Work task:
When you transcribe the data below, reproduce every line exactly and leave each picture out.

--- Data listing Enclosed Below ---

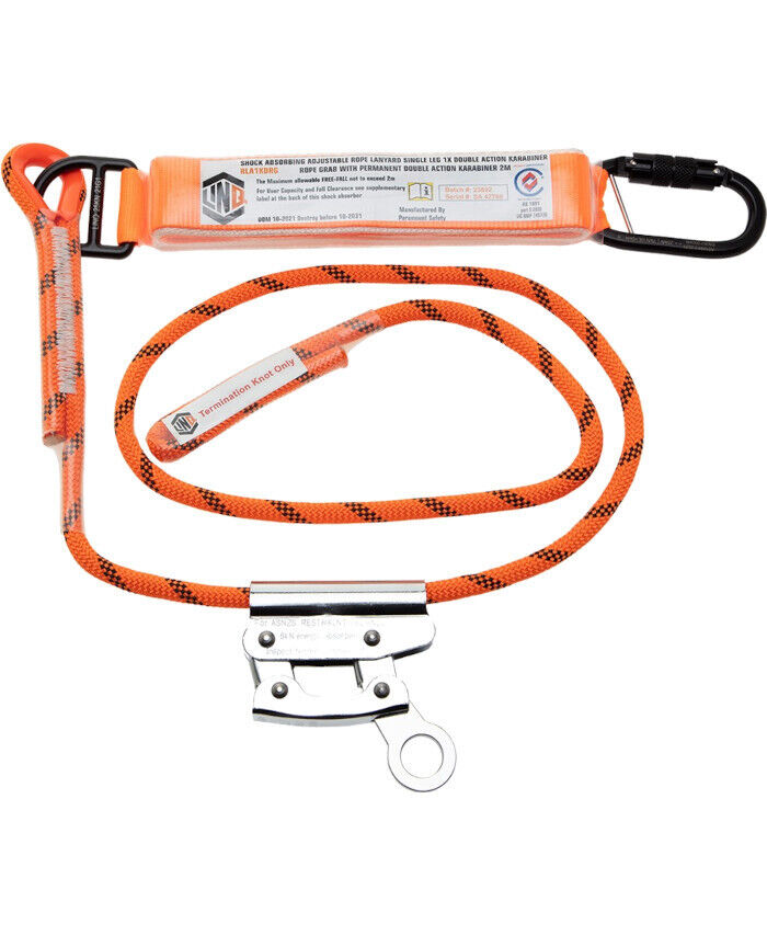 WORKWEAR, SAFETY & CORPORATE CLOTHING SPECIALISTS - LINQ Single Leg 2M Shock Absorb Adjustable Rope Lanyard with Hardware KD & RG
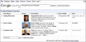 При вводе в Squared запроса "президент Российской Федерации", в поисковой выдаче присутствуют лишь Борис Ельцин и Дмитрий Медведев. При этом в колонке "Дата смерти" напротив фамилии Медведева стоит 20 мая.
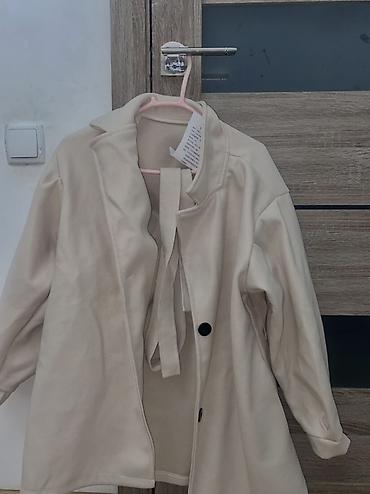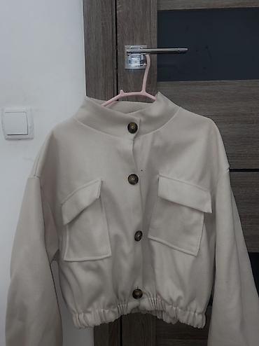 Короткая бежевая куртка-жакет с воротником-стойкой и крупными пуговицами. Это цена за оба предмета; ни один из них ни разу не был надет.
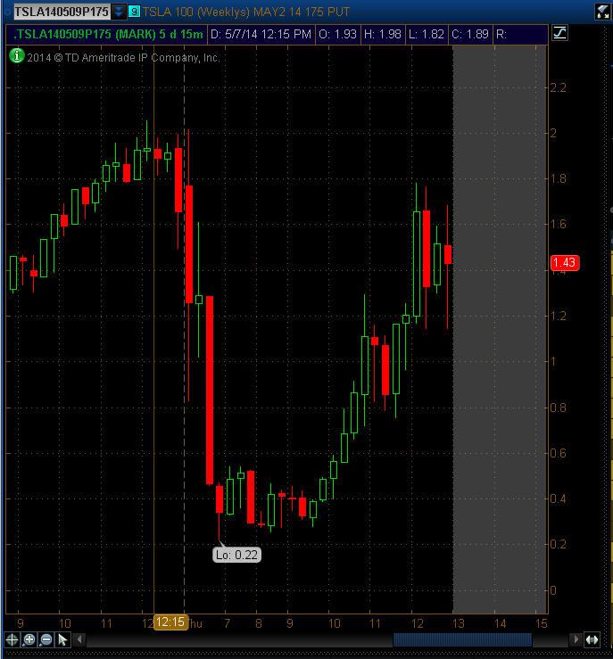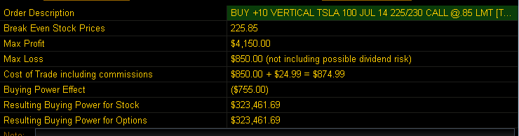 ======================================================================================== 7/14/14: TSLA is back in the news again and the stock is on the move. I am looking for a pull back so I can get a Bull Put Spread on.
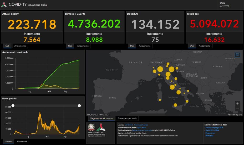 Il bollettino Covid del 4 dicembre: 16.632 casi e 75 vittime in 24 ore

--- End of Enclosed Data listing ---

Task answer:
 WORKWEAR, SAFETY & CORPORATE CLOTHING SPECIALISTS - LINQ Single Leg 2M Shock Absorb Adjustable Rope Lanyard with Hardware KD & RG
 При вводе в Squared запроса "президент Российской Федерации", в поисковой выдаче присутствуют лишь Борис Ельцин и Дмитрий Медведев. При этом в колонке "Дата смерти" напротив фамилии Медведева стоит 20 мая.
 Короткая бежевая куртка-жакет с воротником-стойкой и крупными пуговицами. Это цена за оба предмета; ни один из них ни разу не был надет.
 ======================================================================================== 7/14/14: TSLA is back in the news again and the stock is on the move. I am looking for a pull back so I can get a Bull Put Spread on.
 Il bollettino Covid del 4 dicembre: 16.632 casi e 75 vittime in 24 ore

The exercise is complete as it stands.